Константин услышал его смех, поднял глаза и тоже улыбнулся — осторожно, не празднуя победу.
— Я правда не видел, насколько тебе было плохо, — сказал Филипп после паузы. — Или видел и думал, что ты справляешься.
— Я и справлялся.
— Это не значит, что тебе не было плохо.
Взгляд его ушёл к листам на рояле, где всё ещё лежал план сцены. Потом он поднялся, взял один лист, вернулся и протянул брату. На нём был список ролей, напротив имени Филиппа стояли две пометки, обе зачёркнутые, а ниже новая, свежая: «роль выбрать вместе».
— Тогда начни сейчас, — сказал Константин. — Удели мне внимание и выбери, за какую пьесу ты голосуешь.
Филипп взял лист. Бумага была тёплой от рук брата. Он посмотрел на роли, потом на Константина.
— За эту, — сказал он, указывая на вторую роль.
— Прекрасно, — Константин забрал лист и тут же оживился. — Татьяну Алексеевну я тоже заставлю проголосовать.
Он снова подошёл к роялю, сделал пометку, потом вдруг вернулся и, проходя мимо Филиппа, коротко положил руку ему на плечо.
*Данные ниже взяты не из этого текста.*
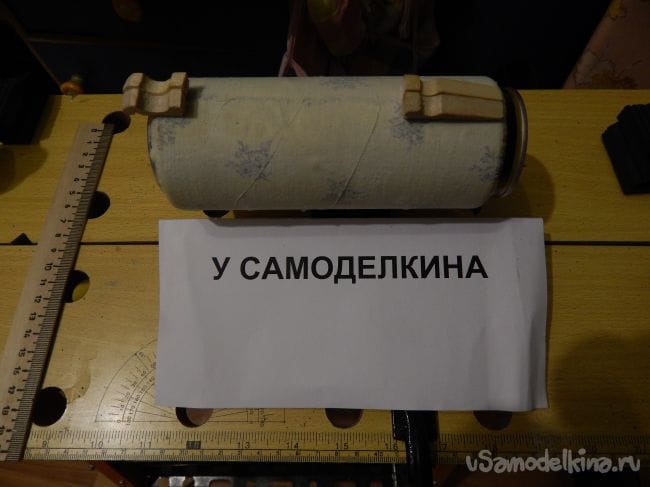 5. Теперь приступаем к изготовлению ручки. У меня она будет в форме рыбы. На листе бумаги проводим линию, на которой намечаем отрезок, равный высоте кружки (от нижнего до верхнего концов приклеенных половинок прищепок). Прикладываем прищепку и обводим контур, чтобы получить профиль разреза кружки.
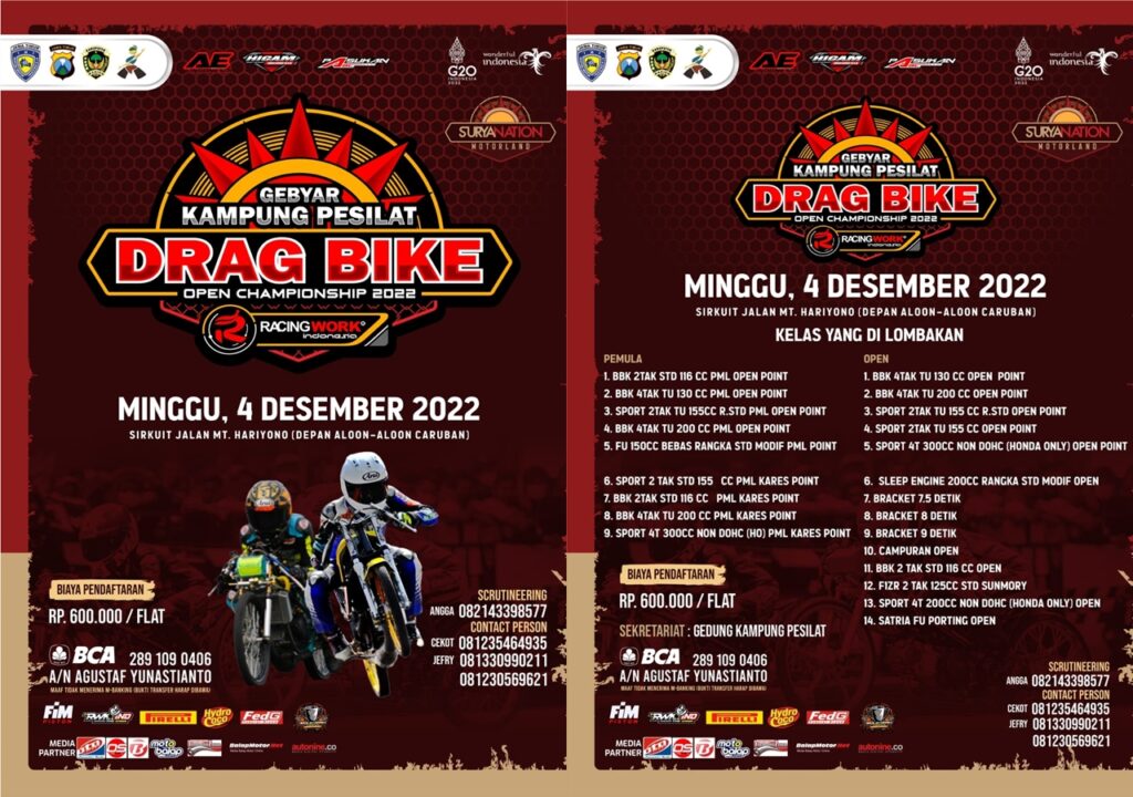MOTOBALAP.COM – Info menarik bagi para pecinta balap lurus 201 meter akan berlangsung akhir pekan ini (4 Desember) event megah garapan AE Indonesia Racing Organizer yang akan melangsungkan gelaran terakhirnya di tahun 2022 bertajuk Gebyar Kampung Pesilat Dragbike RWK Open Championship 2022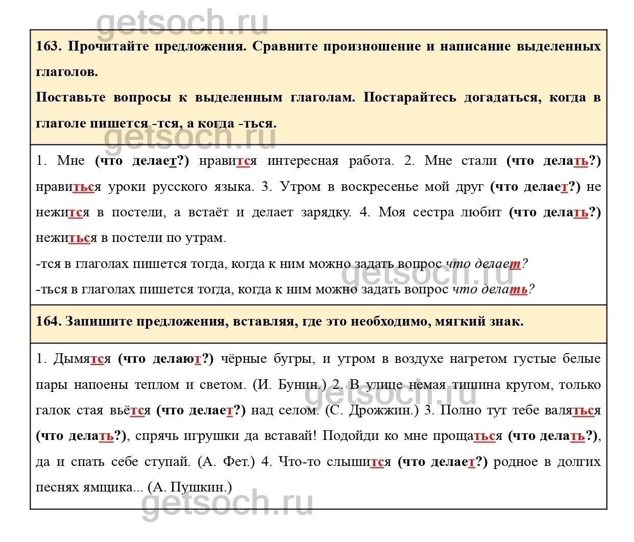 163. Прочитайте предложения. Сравните произношение и написание выделенных глаголов.

Филипп успел накрыть её своей рукой, прежде чем Константин отдёрнул пальцы. Они так и замерли на мгновение.
За дверью послышался лёгкий шаг. Филипп отпустил руку Константина и только потом посмотрел к двери — на пороге стояла Татьяна Алексеевна.
Филипп посмотрел на брата, Константин — на Филиппа, и в следующую секунду они оба потянулись к списку, как два школьника к одной и той же шпаргалке. Татьяна вошла следом, положила свой лист на крышку рояля, придавила край ладонью, и комната снова зашевелилась делом: карандаш заскрёб по бумаге, стул скрипнул по паркету, кто-то уже спорил о роли, кто-то перебивал, не дослушав. Разбитые сердца оставили в покое. Их не пытались чинить речами, когда под рукой были дела.
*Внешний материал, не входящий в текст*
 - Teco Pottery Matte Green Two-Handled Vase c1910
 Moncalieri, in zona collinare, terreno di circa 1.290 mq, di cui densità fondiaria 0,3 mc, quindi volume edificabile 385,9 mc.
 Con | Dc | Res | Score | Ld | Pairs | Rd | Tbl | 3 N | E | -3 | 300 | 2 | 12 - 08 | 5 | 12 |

Константин развернул план на крышке рояля. На листе всё выглядело слишком плоско: прямоугольник будущей сцены, два боковых прохода, пометки о лампах, креслах и ширмах. В Петербурге, когда они вернутся, можно будет спорить с плотниками, искать ткань для занавеса, мерить расстояние до первого ряда. Здесь же, в Лондоне, у него под ногами была только музыкальная гостиная, достаточно просторная. Константин оглядел комнату, потом резко пошёл к окну, отмерил несколько шагов вдоль ковра и остановился у кресла.
Он взялся за спинку и потянул кресло к стене. Ножка зацепила ковёр, кресло ответило глухим скрипом. Татьяна Алексеевна подошла к роялю и наклонилась над планом. На листе рояля не было вообще: Петербургский зал, очевидно, должен был быть свободен от этой чёрной громады, а лондонская комната пока служила бедной, торопливой моделью.
— Здесь будет обозначение сцены, — сказал Константин, всё ещё борясь с креслом. — В Петербурге всё, разумеется, иначе: шире, глубже, с нормальным входом справа. Но пока надо показать ход.
Константин наконец сдвинул кресло к стене, подхватил ещё два стула и поставил их неровной линией перед ковром.
— Вот первый ряд. Условный.
Татьяна провела карандашом по плану, потом посмотрела на комнату: рояль, кресла у стены, условный первый ряд, пространство у окна. Она начала понимать — ему не нужен был сейчас настоящий театр. Ему было невмоготу держать будущую постановку только внутри головы: после письма отца замысел требовал воздуха, комнаты, чужих глаз, хотя бы двух переставленных кресел и одного скептически настроенного брата, чтобы стать не мечтой, а делом.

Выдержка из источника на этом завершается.